La historia como novela o la novela como historia. La frase describe los ejercicios narrativos en Chiapas. El siglo XIX marcó el inicio de la historia literaria en esta entidad. Desde entonces la ficción ha mirado la historia local. La recurrencia de hechos históricos ha servido de caldo de cultivo para los escritores. Lo fueron las rebeliones indígenas, las luchas de los grupos de poder, la Revolución y sus reacciones: el conflicto social.
            Una de esas recurrencias es la que muestra Amín Miceli en Tierra de nadie: la construcción de presas hidroeléctricas. En una entrevista concedida al periódico El Financiero, en su edición del viernes 2 de octubre de 2009, Miceli dice al respecto:
“La novela narra los varios enfrentamientos intestinos que se daban entre los habitantes del pueblo a favor o en contra de la primera escuela, entre católicos y resucitados, entre morenos y enfermos del mal de pinto. Y, al final, el enfrentamiento por la construcción de la presa entre ribereños y fuereños. Como sea todos vivían en pésimas condiciones: eran jornaleros y campesinos pobres”.
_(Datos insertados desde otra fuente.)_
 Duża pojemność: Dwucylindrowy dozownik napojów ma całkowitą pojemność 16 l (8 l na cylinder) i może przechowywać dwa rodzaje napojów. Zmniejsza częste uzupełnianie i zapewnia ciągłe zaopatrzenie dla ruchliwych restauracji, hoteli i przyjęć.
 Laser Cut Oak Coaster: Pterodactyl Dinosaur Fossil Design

Tierra de nadie, que el autor ha decidido reeditar en el Consejo Estatal para la Cultura y las Artes de Chiapas, relata la construcción de la presa hidroeléctrica Nezahualcóyotl, misma que inundó las tierras de Malpaso y Quechula. La novela no es una isla en el concierto literario local. Otras también han recurrido a acontecimientos similares. Lo hizo Heberto Morales Constantino en Yucundo, lamento por una ribera y Alfredo Palacios Espinosa en Los malos presagios.
Una de las virtudes de la novela, dice Héctor Cortés Mandujano en una de sus primeras ediciones, es que en ella la narración “es cruda en general y muy cruda en capítulos”.
Agrega:
“(En Tierra de nadie) la imagen inicial de sus pobladores no es idílica, no es edénica. No se narra la lucha de buenos contra malos. La maldad existe en los dos bandos. Allí, en el territorio que ahora pertenece a las aguas, habitaban seres humanos de moral sombría, (…) almas al borde del vicio, cuerpos empantanados en el placer que no hace distingos”.
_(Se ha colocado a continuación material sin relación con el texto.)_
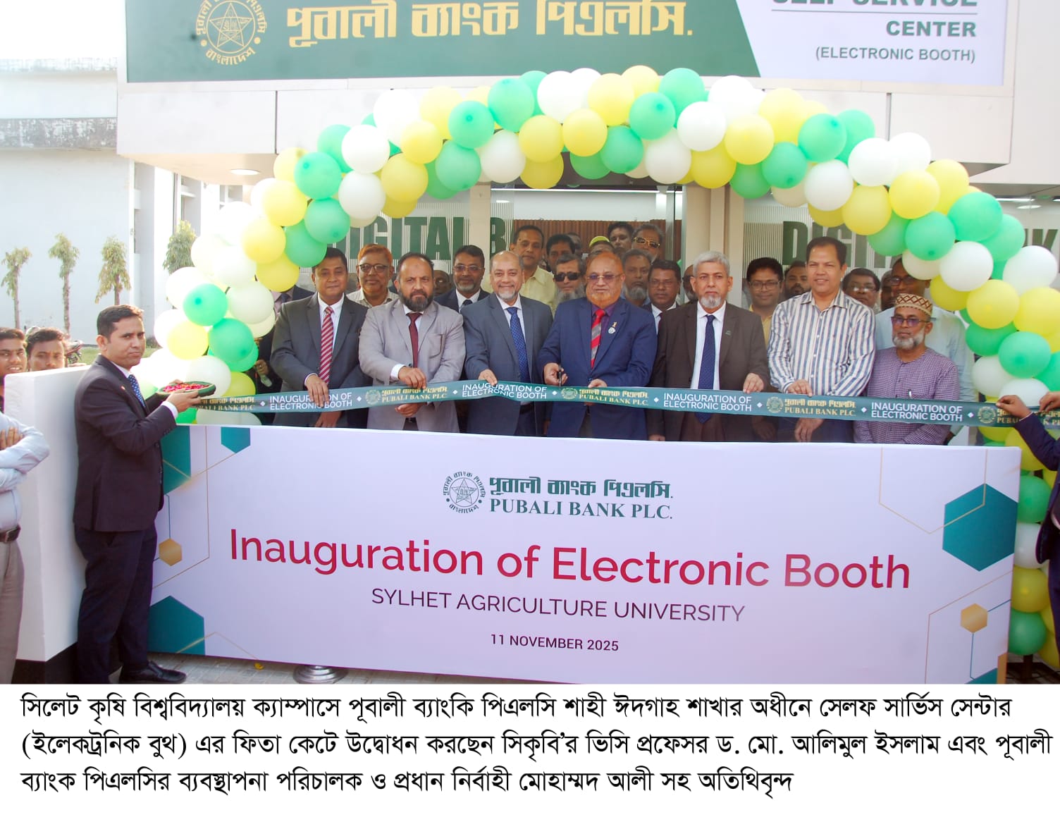 সিলেটে প্রথমবারের মতো সেলফ সার্ভিস সেন্টার (ইলেকট্রনিক বুথ) চালু করেছে পূবালী ব্যাংক পিএলসি। মঙ্গলবার (১১ নভেম্বর) সিলেট কৃষি বিশ্ববিদ্যালয় ( সিকৃবি) ক্যাম্পাসে পূবালী ব্যাংক পিএলসি শাহী ঈদগাহ শাখার অধীনে এই ইলেকট্রনিক বুথের আনুষ্ঠানিকভাবে ফিতা কেটে উদ্বোধন করা হয়।

La acción del Estado mexicano, construir presas hidroeléctricas en Chiapas, significó el despojo de tierras; también despojo de memoria. Este pasado, escasamente recuperado por la historiografía local, pervive en la memoria de esos pueblos. Lo que ha hecho la literatura es traerlos a la memoria y plasmarlos en la ficción. Cosa nada fácil.
Amín Miceli, además de escritor, es sociólogo por la Universidad Autónoma Metropolitana y actualmente profesor-investigador en la Universidad de Ciencias y Artes de Chiapas. No es de extrañar que haya hecho un arduo trabajo de investigación para recuperar testimonios, anécdotas, procesos históricos al respecto. Y es que en estas tierras los escritores son a la vez historiadores.
El trabajo de Miceli, investigador y creador, narrador de tajo, se plasma en esta su segunda novela (había publicado ya Shalo, la generala), donde el pasado es tierra de todos.